臨床検査技師を辞めたいと思うのは甘えじゃない
「辞めたい」と思っている自分を責めていませんか?まず言いたいのは、その気持ちには正当な理由があるということです。
人間関係のストレスは検査室の構造的な問題
検査室は閉鎖的な空間です。少人数で同じメンバーと毎日顔を合わせ、ローテーションの自由度も低い。合わない人がいても距離を取る手段がほとんどありません。
病棟のように人が出入りする環境とは違い、検査室の人間関係は固定されやすく、一度こじれると逃げ場がない。これは個人の問題ではなく、検査室という職場の構造的な問題です。
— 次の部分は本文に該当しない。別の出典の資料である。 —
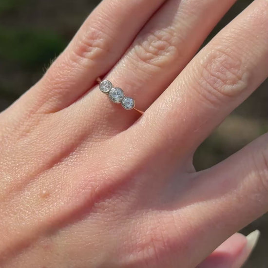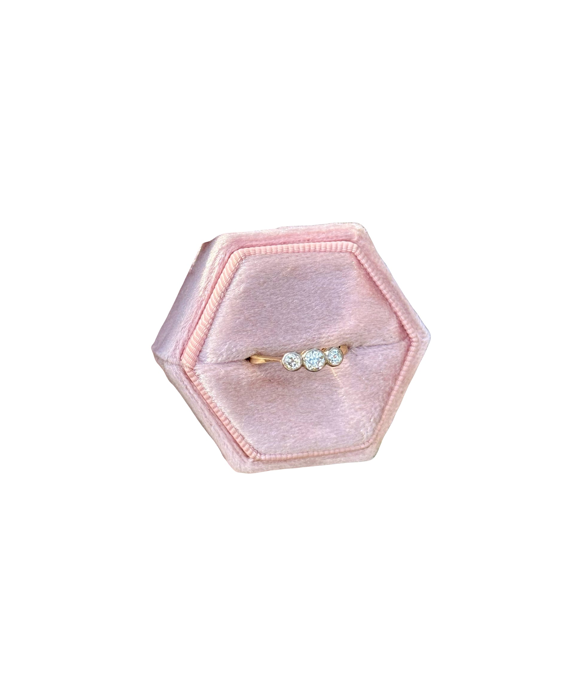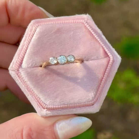 A vintage treasure found by Molly: This Diamond Ring is a stunning three-diamond masterpiece, featuring a trio of natural diamonds in a captivating arrangement. crafted in secure platinum bezel sets, is beautifully complemented by a 18ct yellow gold band, creating a striking mix of elegance and strength. This exceptional ring is a true standout for any collection and you can wear simply on its own or stack with your other favourite rings.

「自分のコミュニケーション力が足りないんじゃないか」と自分を責める人もいますが、環境が合わなければ誰だってストレスを感じます。それは当然のことです。
給料が上がらないのは気合いの問題ではない
臨床検査技師の給料が低い、上がりにくいという不満は、個人の努力では解決しにくい構造的な問題です。
病院の経営は年々厳しくなっており、検査室は「コスト部門」として見られやすい。どんなに頑張っても、昇給の幅はわずかで、同年代の他業種と比較して差を感じる場面は多いはずです。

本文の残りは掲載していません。